▶ [WHAT TO PRODUCE] Every line below from the one with "복구 대행 접수 후 게임" through the one with "A tri-coloured gold" should be retyped exactly, both ends included; no other lines and no pictures.

▶ [DATA EXTRACTS]
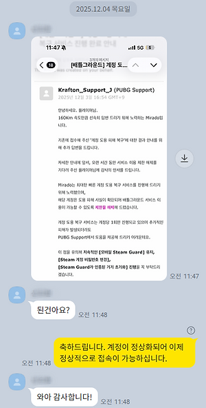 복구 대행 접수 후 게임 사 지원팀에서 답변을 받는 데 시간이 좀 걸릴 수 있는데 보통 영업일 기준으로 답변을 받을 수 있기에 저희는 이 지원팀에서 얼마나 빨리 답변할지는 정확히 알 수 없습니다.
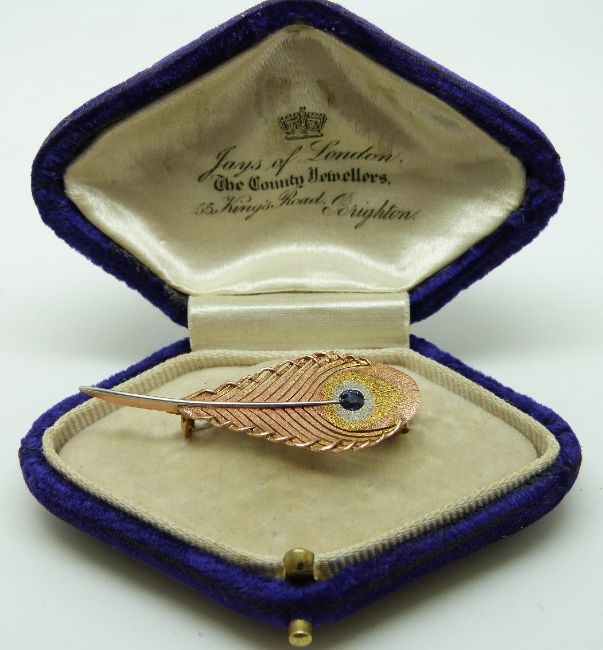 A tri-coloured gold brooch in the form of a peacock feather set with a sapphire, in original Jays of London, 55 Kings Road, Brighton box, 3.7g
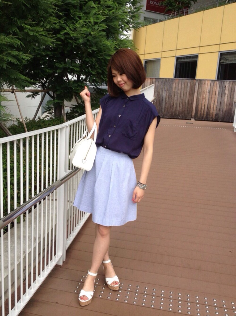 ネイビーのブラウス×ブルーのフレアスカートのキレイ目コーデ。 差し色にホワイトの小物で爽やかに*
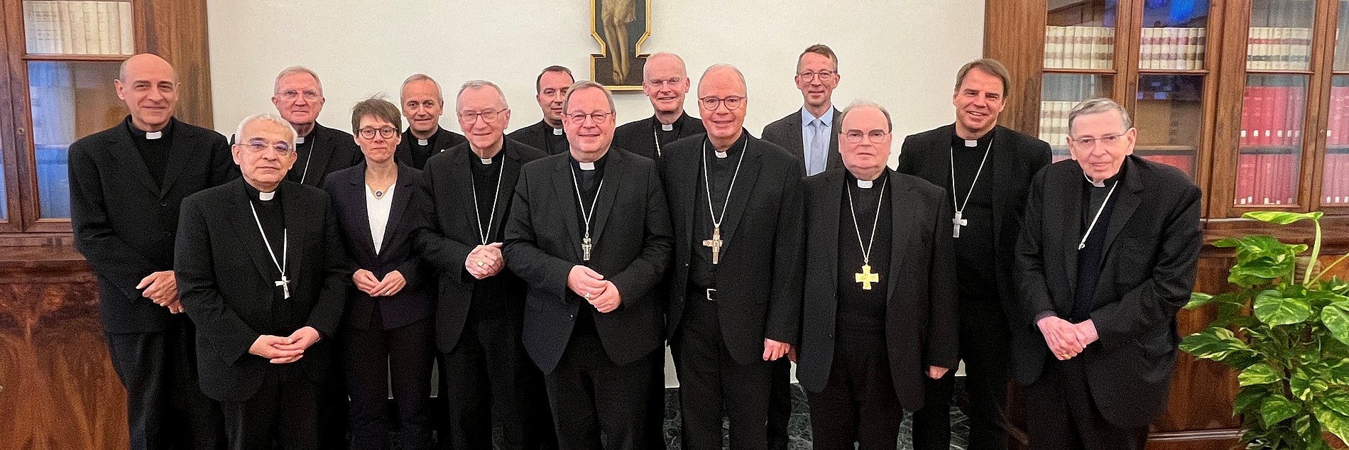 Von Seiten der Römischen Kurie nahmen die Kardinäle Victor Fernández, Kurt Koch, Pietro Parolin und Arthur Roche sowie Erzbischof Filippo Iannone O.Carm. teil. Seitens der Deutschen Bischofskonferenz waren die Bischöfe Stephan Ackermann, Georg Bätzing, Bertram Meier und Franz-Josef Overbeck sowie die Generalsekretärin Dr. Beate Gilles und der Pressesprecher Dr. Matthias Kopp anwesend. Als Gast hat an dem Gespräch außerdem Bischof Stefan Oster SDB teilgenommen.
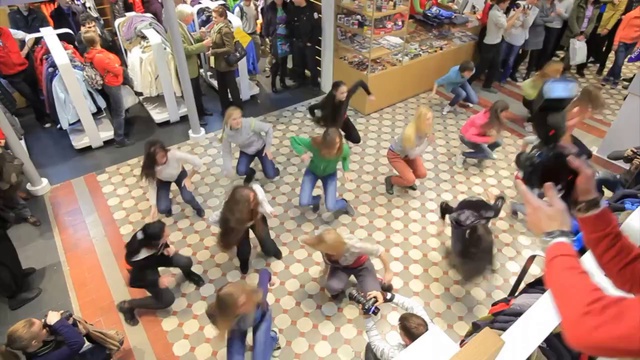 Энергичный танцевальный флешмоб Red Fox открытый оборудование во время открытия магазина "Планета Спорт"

---

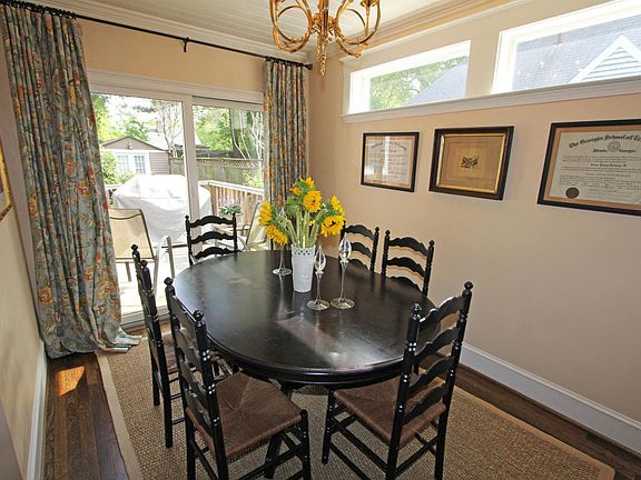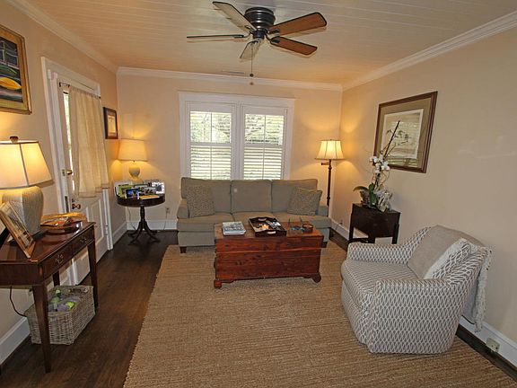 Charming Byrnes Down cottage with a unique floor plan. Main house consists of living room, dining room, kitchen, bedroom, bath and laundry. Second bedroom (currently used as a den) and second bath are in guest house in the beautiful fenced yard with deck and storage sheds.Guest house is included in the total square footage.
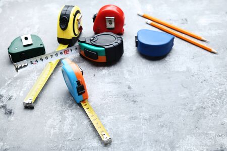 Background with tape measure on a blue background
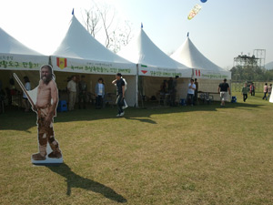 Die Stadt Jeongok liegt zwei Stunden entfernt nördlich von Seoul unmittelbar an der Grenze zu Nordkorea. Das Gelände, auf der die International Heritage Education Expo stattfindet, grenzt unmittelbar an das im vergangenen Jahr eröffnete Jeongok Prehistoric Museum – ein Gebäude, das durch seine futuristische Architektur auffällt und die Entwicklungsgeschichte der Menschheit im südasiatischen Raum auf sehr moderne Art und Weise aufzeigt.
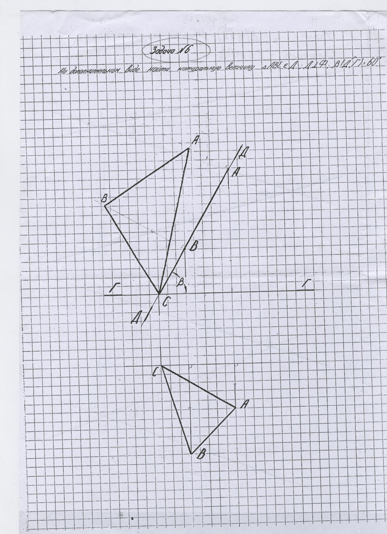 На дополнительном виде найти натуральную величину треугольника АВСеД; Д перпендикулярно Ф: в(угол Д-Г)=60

▶ [FINISHED EXERCISE]
 복구 대행 접수 후 게임 사 지원팀에서 답변을 받는 데 시간이 좀 걸릴 수 있는데 보통 영업일 기준으로 답변을 받을 수 있기에 저희는 이 지원팀에서 얼마나 빨리 답변할지는 정확히 알 수 없습니다.
 A tri-coloured gold brooch in the form of a peacock feather set with a sapphire, in original Jays of London, 55 Kings Road, Brighton box, 3.7g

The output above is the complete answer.